Day Twenty-Nine Recap


“And you know, when the truth is told, that you can get what you want or you can just get old.” ~Billy Joel

July 6—Happy birthday, Rob!

We left Sage Creek Campground (aka Woodstock) and hit the road for Albert Lea, Minnesota. On the drive out of the park, we saw a TON of wild bison, including a huge male that suddenly appeared ten feet from my vehicle window as it crested a rise next to the road. That was a rush. After the early excitement, though, I slept for a lot of the day’s driving. The road often completely mesmerizes my brain: highway hypnosis. I have to fight it when driving, but when I’m a passenger it takes over and stupefies me.

I was sad watching the hills turn to flatlands: the day after Christmas, when all the presents are opened. In Minnesota, I thought about my grandmother Lavinia growing up in Lakefield. She got the nickname “Minnow” because she could swim in the coldest lakes for hours without getting chilled or tired. Her grandparents owned a dairy farm (she loved buttermilk all her life) and her parents owned  the town pharmacy (her father was the pharmacist) which included a lunch counter/soda fountain (run by my great-grandmother who also taught piano lessons). She took great pride in the fact that her father got shunned by the local Episcopal church crowd when he applied for the first liquor license in the county. She also remembered a crowd hanging a stuffed strawman of Kaiser Wilhelm between the pharmacy and the shop next door and burning him in effigy at the start of WWI.

Albert Lea, MN KOA

Albert Lea, MN KOA

At 6pm (Day 29) we crossed the 5,000 mile mark—and Len has driven every single one of them, except for that fifty feet or so that I drove so he could listen to the bearing/brakes squeal in the Rawlins Tractor Guys parking lot. This 5,000-mile mark is also roughly when he began a slow tailspin of quiet rage (the male version of a meltdown). Suddenly everything became frustrating, difficult, awkward, painful, and rage-inducing. The trailer didn’t want to park correctly, his favorite flashlight went missing, he barked his shins on the hitch, and the road, in other words, just generally sucked. The fact that we are headed home, back to reality, was surely part of it, but there really is a point at which it gets OLD living like a refugee, carrying everything with you, picking up stakes and moving every day, trying to keep track of where you are, where you’re going, and what you need to do in order to get there. No matter how beautiful the scenery, no matter how interesting the history, no matter how fun the adventure, the pressure builds until…

She's Gonna Blow!

She’s Gonna Blow!

Things I’ve learned (so far) about long trips in the trailer:

  • We didn’t need nearly as much expedition-type food as I stocked.
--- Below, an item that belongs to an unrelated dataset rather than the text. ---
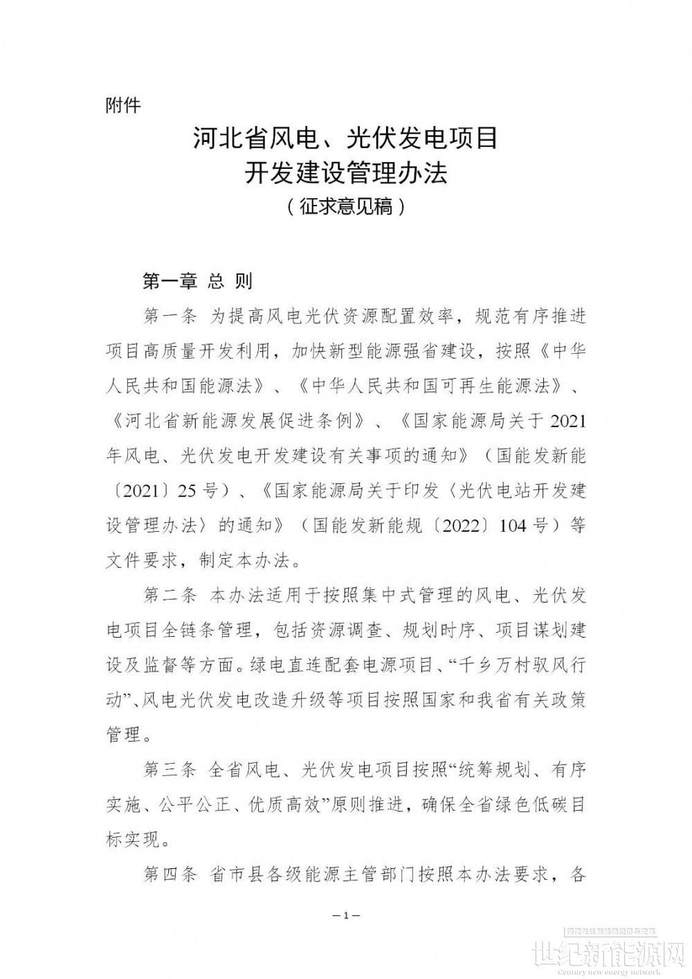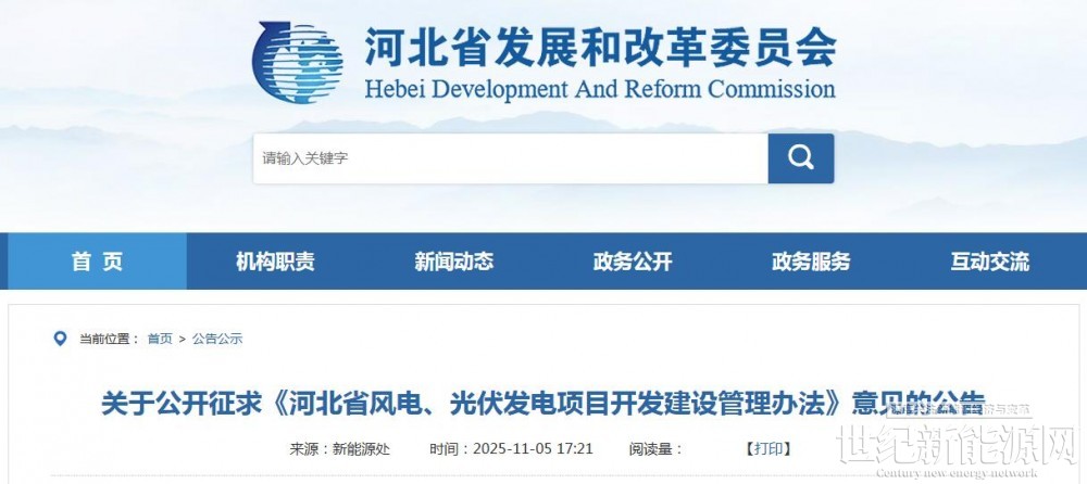 11月5日,河北省发展和改革委员会就《河北省风电、光伏发电项目开发建设管理办法》公开征求意见。
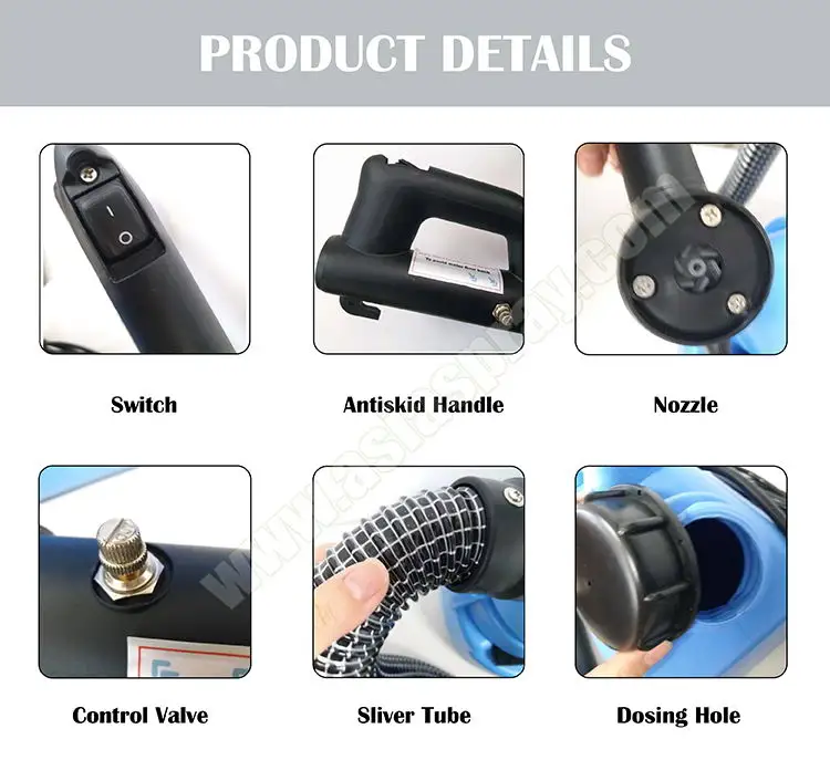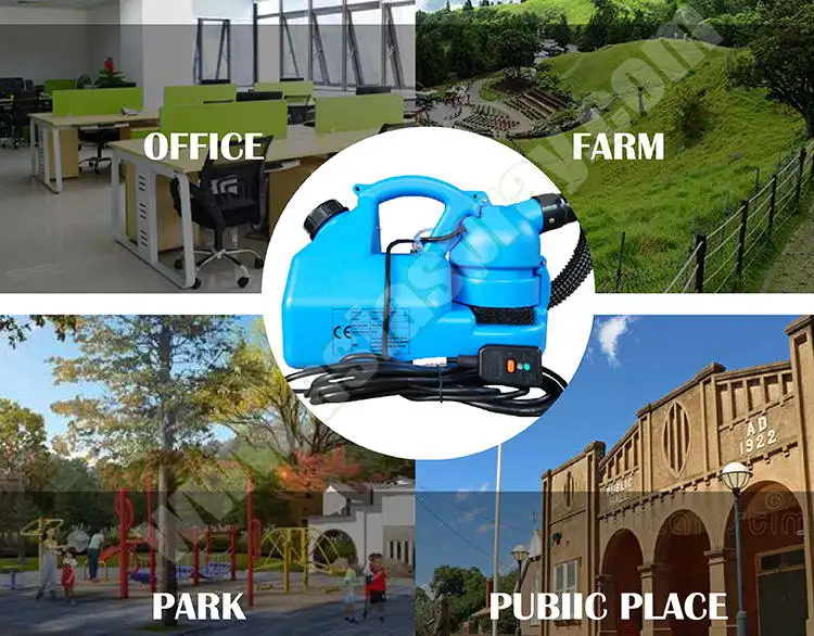 | This product is used for sanitation and epidemic prevention, disinfection, insecticide, sterilization, humidification, etc. Widely used in airports, animal farms, hotels, restaurants, aquatic products markets, buses, communities, hospitals, hotels, hotels, shopping malls, restaurants, out-of-home parks, schools, theaters, amusement parks, cars, trains, ferry, airplanes, Workshops, greenhouses, etc. |

We’re actually going home with a lot of what we brought (some frozen, some dried). We only ate a PB&J once. It was just easier to grab a protein bar or cheese stick for lunch.
  • The one-month Sirius Satellite radio subscription we forgot about and barely used.
  • Cooking outside when it’s 90 degrees or above is like preparing food in the Devil’s Kitchen.
  • Swamp cooling really does work and all it requires is a damp cloth and a breeze.
  • I didn’t need anywhere near the amount of clothes I packed. We spent days in a row in variations of the same clothing when we were out in the wilderness and when we came back in to civilization we mostly just washed those dirty clothes and put them back on.
  • Len only wore two of his three watches. I wore my one pair of earrings every single day.
  • Being on the road gets easier … up to a point, and then it tips and suddenly everything seems hard again. 30 days on the road with 25 different sleep spots is definitely a more aggressive travel plan than we’ll want to execute in the future. As with most things, you plan them in the comfort of your home, sitting on your soft couch and dreaming of the road, assuming a much greater future energy store than reality bears out.
  • Plan a little extra time for a minor meltdown every seven days or so. Be pleasantly surprised if it doesn’t occur.
  • Don’t overestimate the amount of writing work that can be accomplished on the road. In reality, it’s pretty small. But take good notes and store up experiences that will seep into future writing.

Next Up: Champaign, Illinois.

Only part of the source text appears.